Problem to solve:
Copy the data that follows exactly. Include no pictures.

Source material:
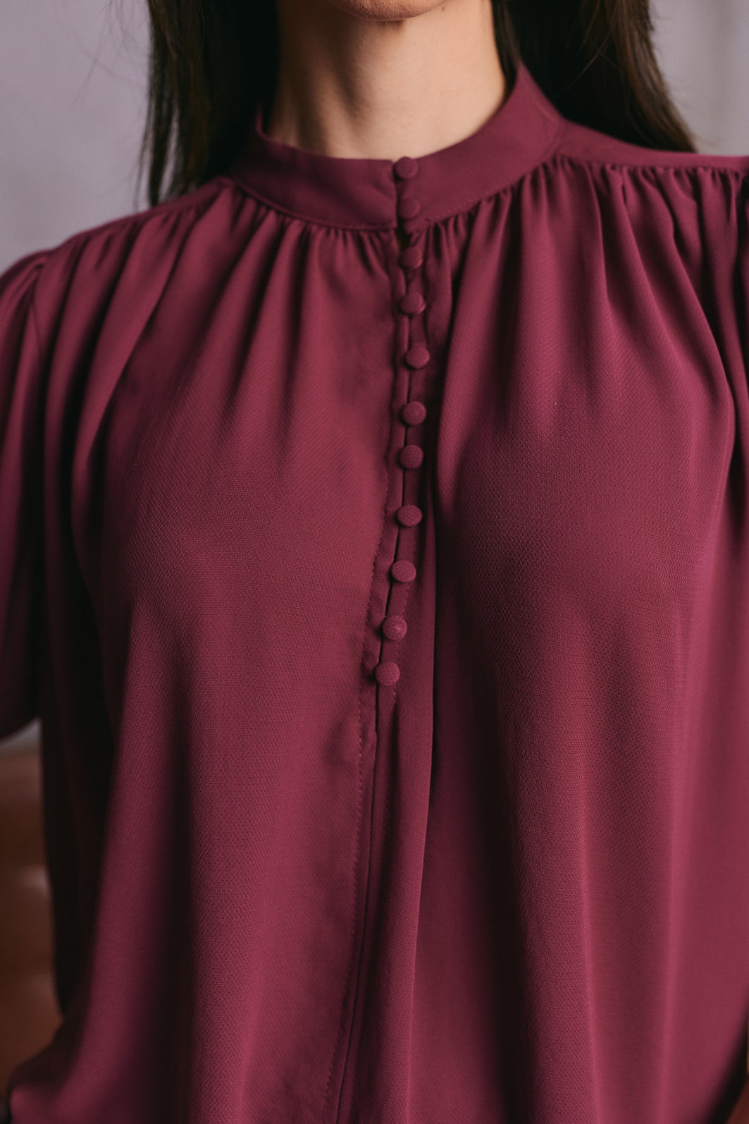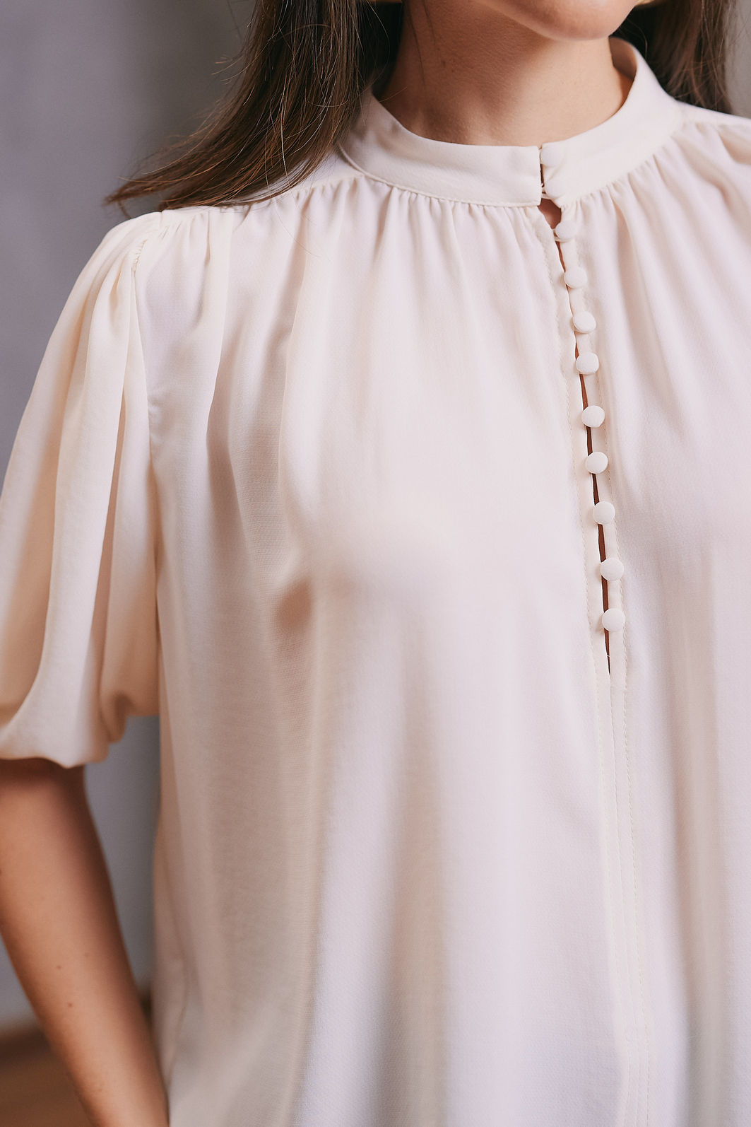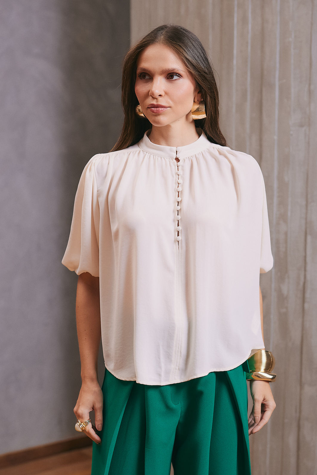 Possui gola arredondada, mangas levemente bufantes e franzidos frontais e posteriores, que acrescentam delicadeza e movimento à peça.
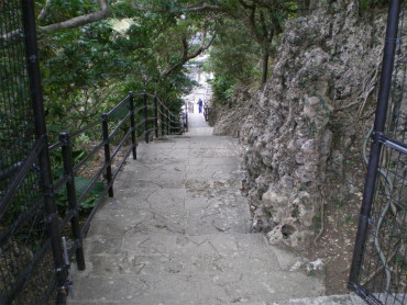 浦添ようどれには、復元工事中のグスク跡から外壁に沿って北側に下りて行く。
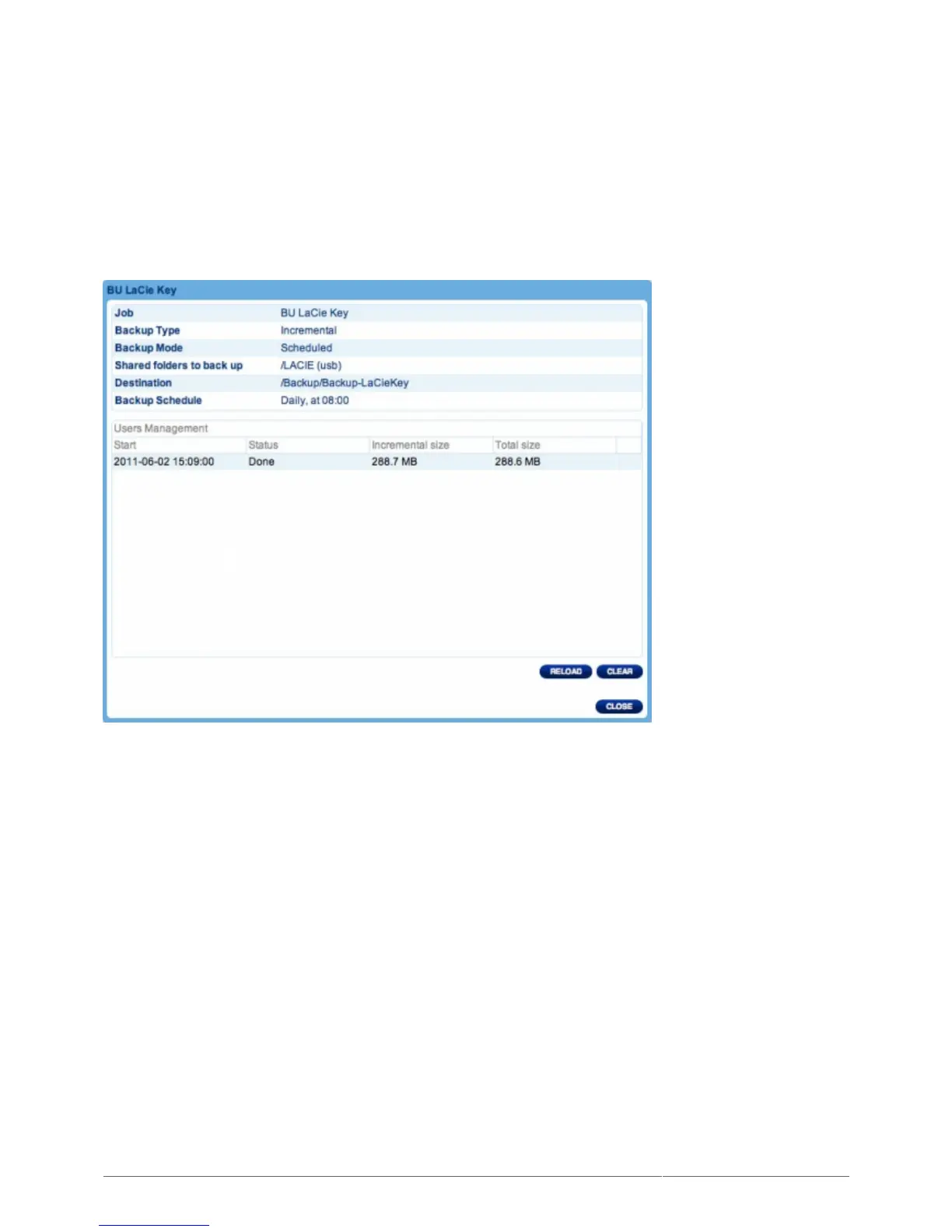 Jobs you have created will be listed in the table on the Backup page. This table will display useful information
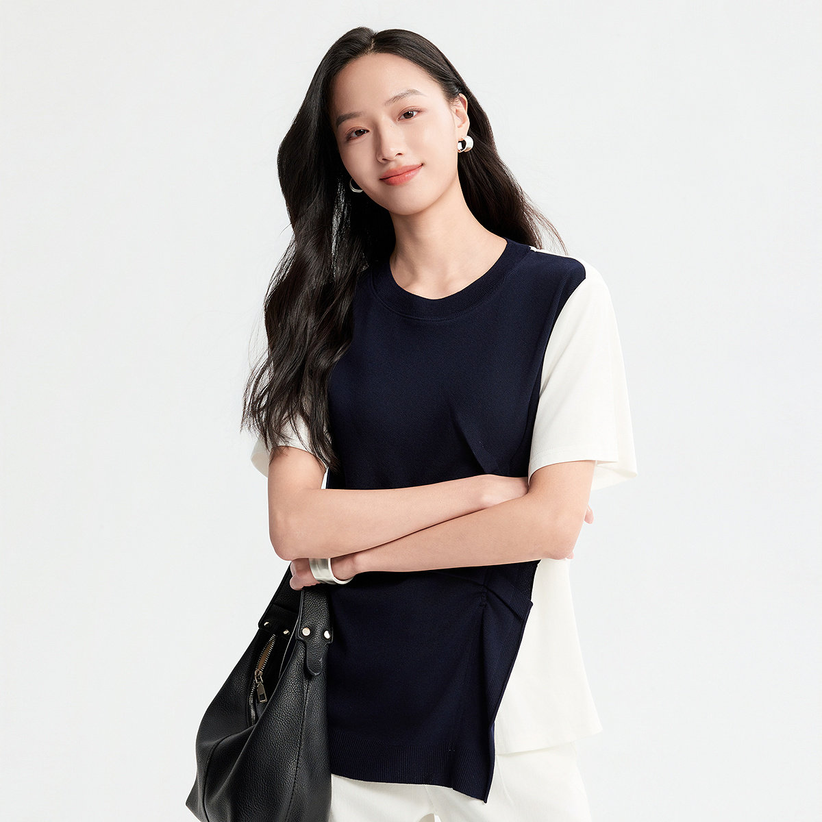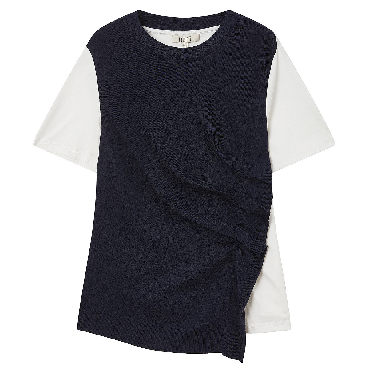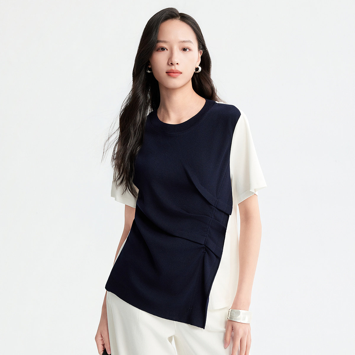 FINITY菲妮迪雪纺衫2026年夏季新款简约蓝白撞色圆领短袖上衣女装
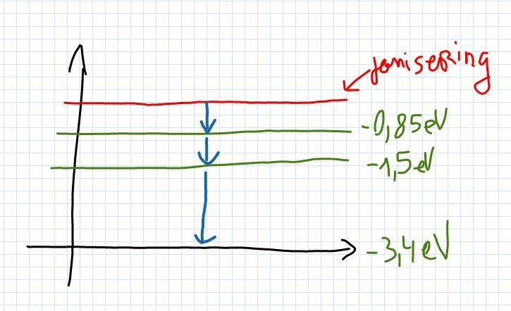 I diagrammet kan jag avläsa -0,85 eV, -1,5 eV, -3,4 eV.
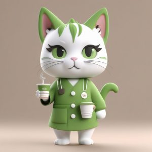 专业的AI提示词,用于生成一只正在享受抹茶拿铁的Q版女孩3D模型。强调其圆润和开朗的姿态,背景为清新的薄荷绿纯色。
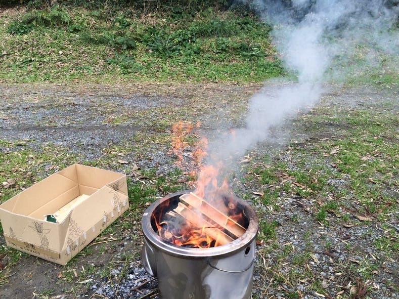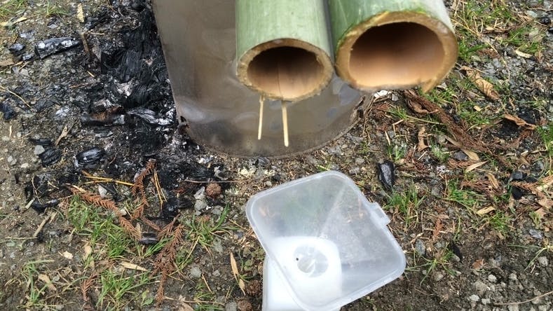 竹を薪代わりにし、焚き火をしその上に節を繰り抜いた竹を乗せて炙ります。

Result:
 Possui gola arredondada, mangas levemente bufantes e franzidos frontais e posteriores, que acrescentam delicadeza e movimento à peça.
 浦添ようどれには、復元工事中のグスク跡から外壁に沿って北側に下りて行く。
 Jobs you have created will be listed in the table on the Backup page. This table will display useful information
 FINITY菲妮迪雪纺衫2026年夏季新款简约蓝白撞色圆领短袖上衣女装
 I diagrammet kan jag avläsa -0,85 eV, -1,5 eV, -3,4 eV.
 专业的AI提示词,用于生成一只正在享受抹茶拿铁的Q版女孩3D模型。强调其圆润和开朗的姿态,背景为清新的薄荷绿纯色。
 竹を薪代わりにし、焚き火をしその上に節を繰り抜いた竹を乗せて炙ります。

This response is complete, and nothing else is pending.